Repeat, line for line, only the span that opens at the "Anel solitário com" line and closes at the final line below. Skip the pictures.

AVAILABLE DATA:
=== Section Start ===

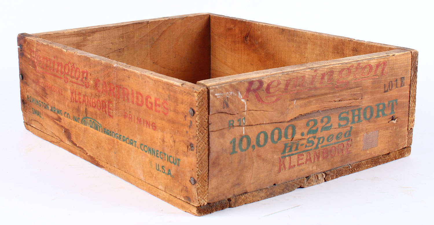 Remington, .22 Short Hollow Point Hi-Speed, red, & green print is solid and crate is nice. Grade: Excellent - Value: 20 to 80
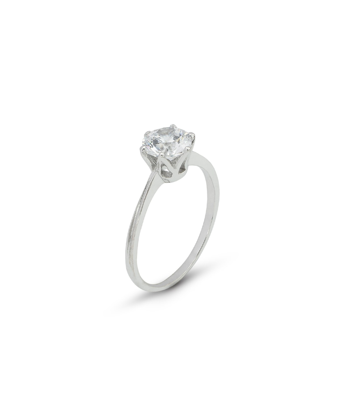 Anel solitário com zircão redondo central com seis garras
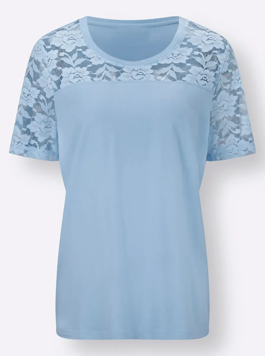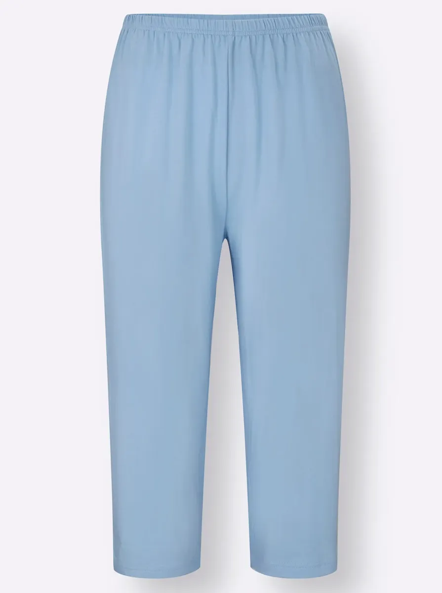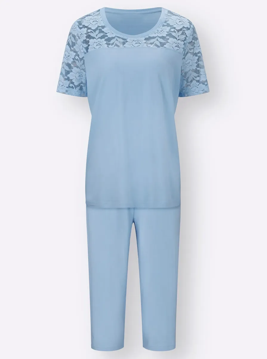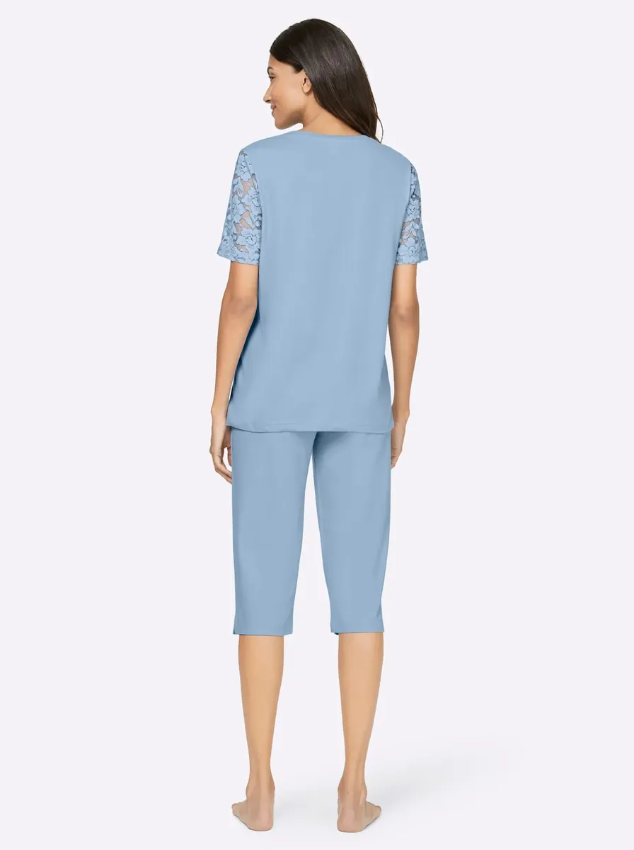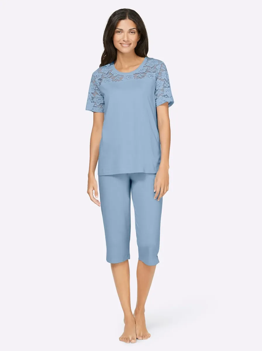 Пижама-капри с изящными кружевными деталями на кокетке и рукавах. Брюки с эластичным поясом и разрезами для ног. Одинарный трикотаж. 100% хлопок. Кружево: 80% хлопок, 20% полиамид.
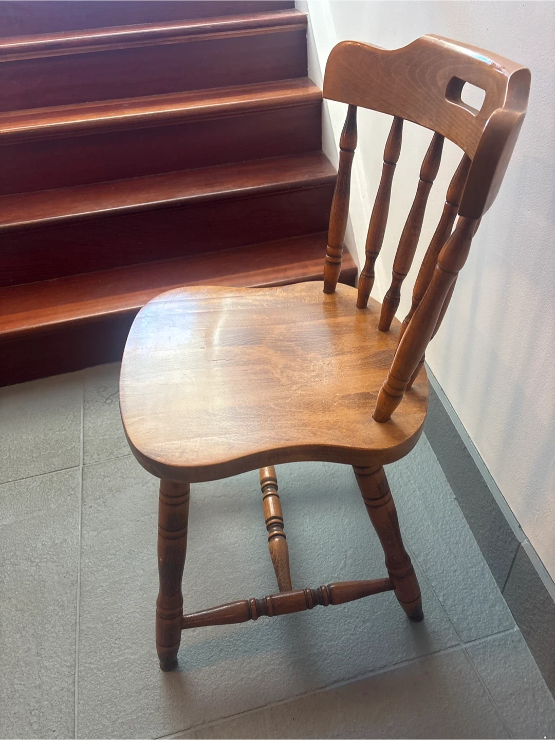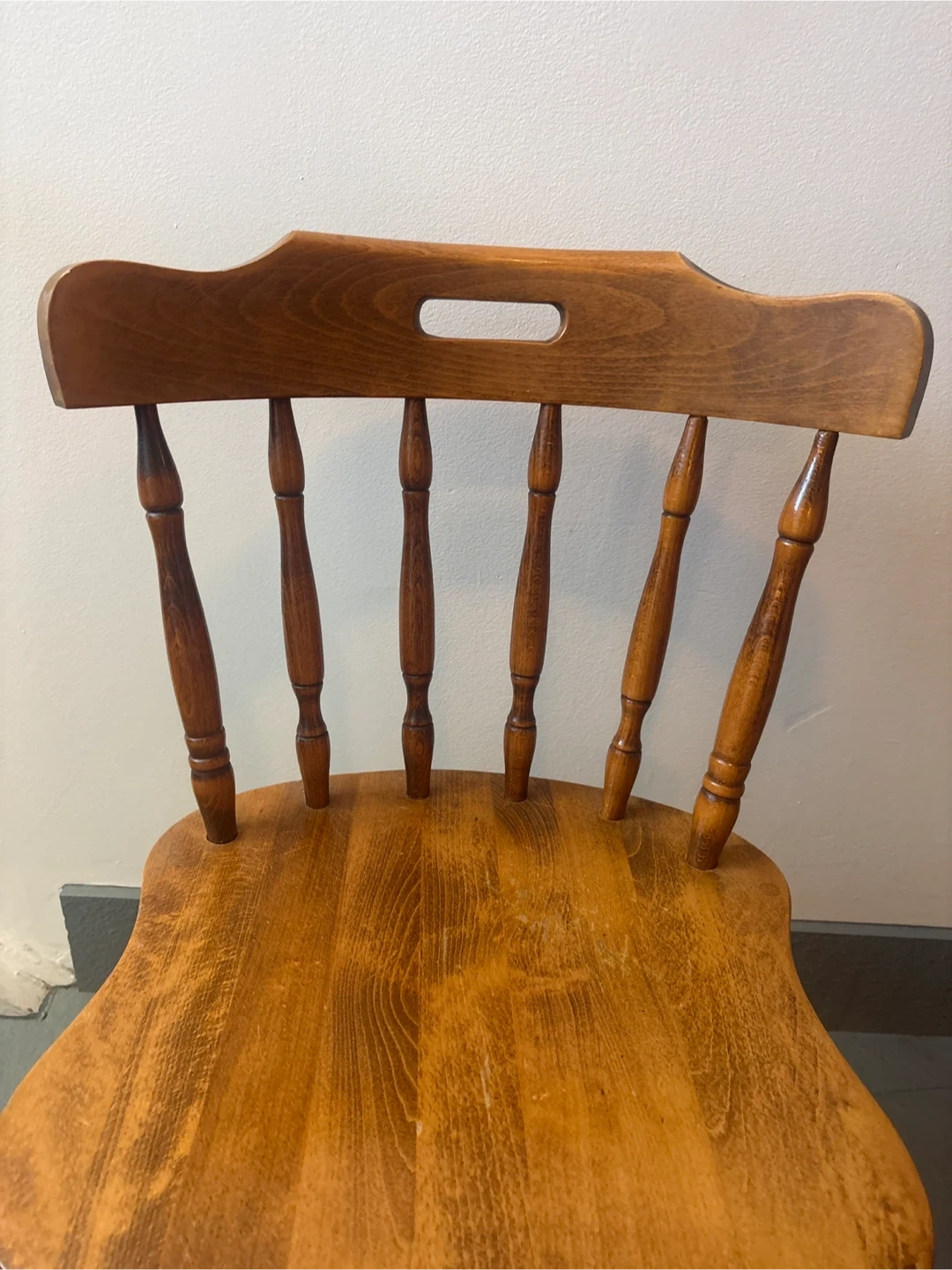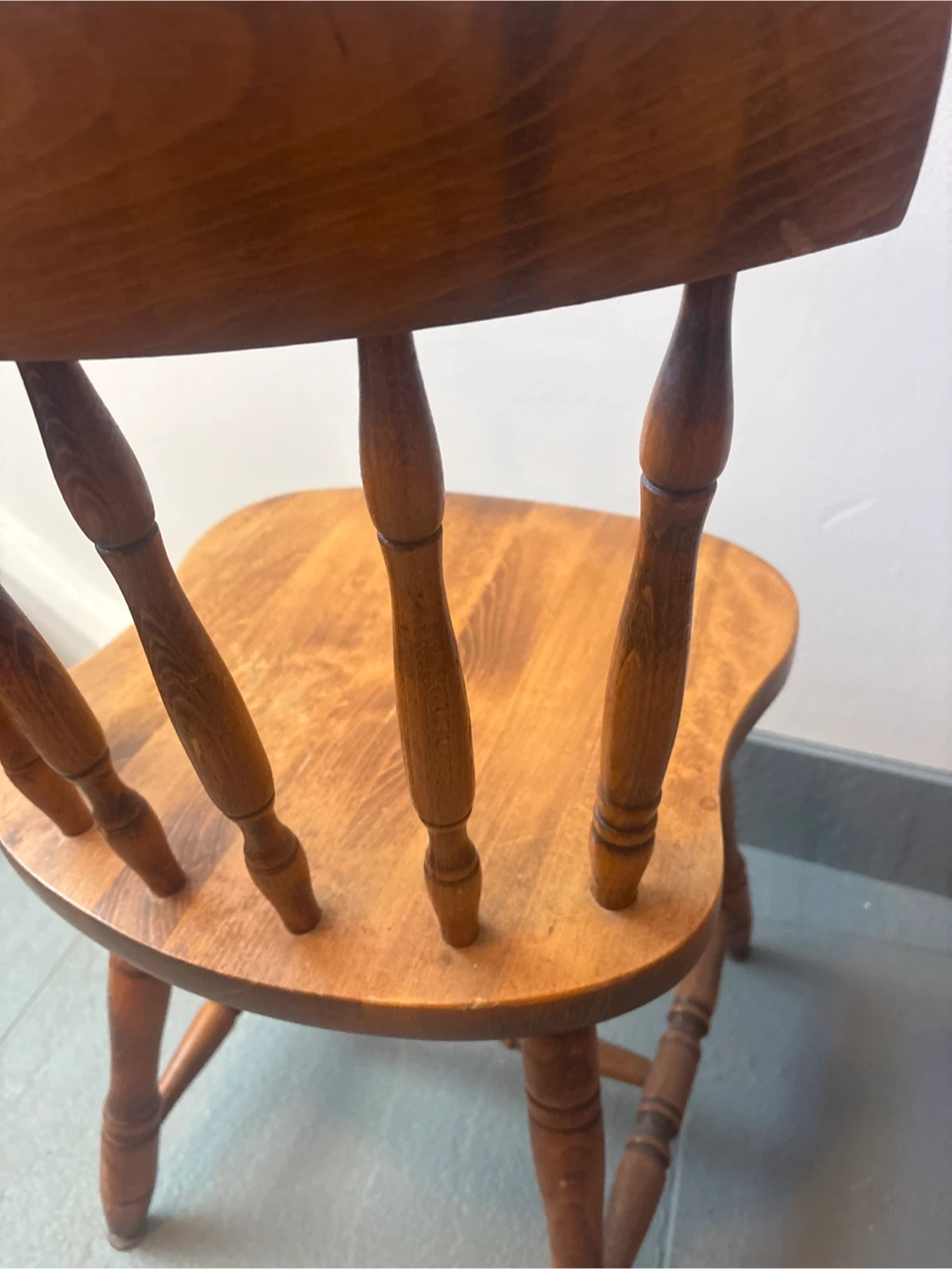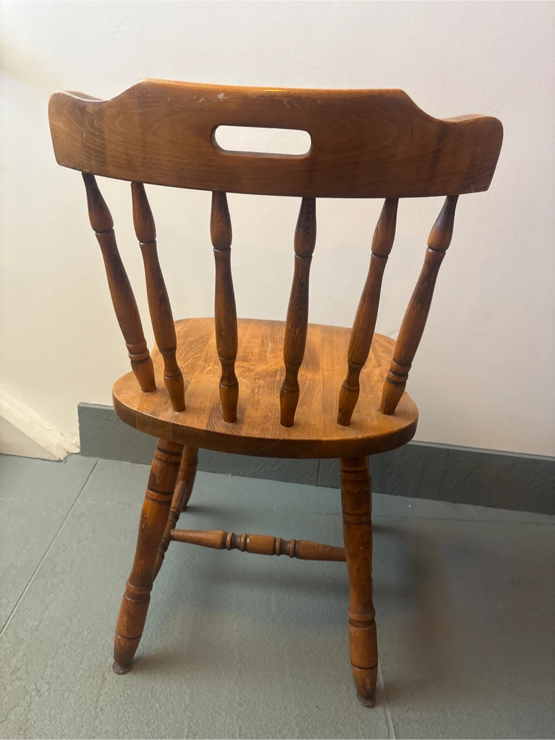 Here's a classic wooden chair with a spindle back design! It's a sturdy piece with a warm, natural wood finish. Perfect for adding a touch of traditional charm to your dining area or kitchen

=== Section End ===

RESPONSE TO THE EXERCISE:
 Anel solitário com zircão redondo central com seis garras
 Пижама-капри с изящными кружевными деталями на кокетке и рукавах. Брюки с эластичным поясом и разрезами для ног. Одинарный трикотаж. 100% хлопок. Кружево: 80% хлопок, 20% полиамид.
 Here's a classic wooden chair with a spindle back design! It's a sturdy piece with a warm, natural wood finish. Perfect for adding a touch of traditional charm to your dining area or kitchen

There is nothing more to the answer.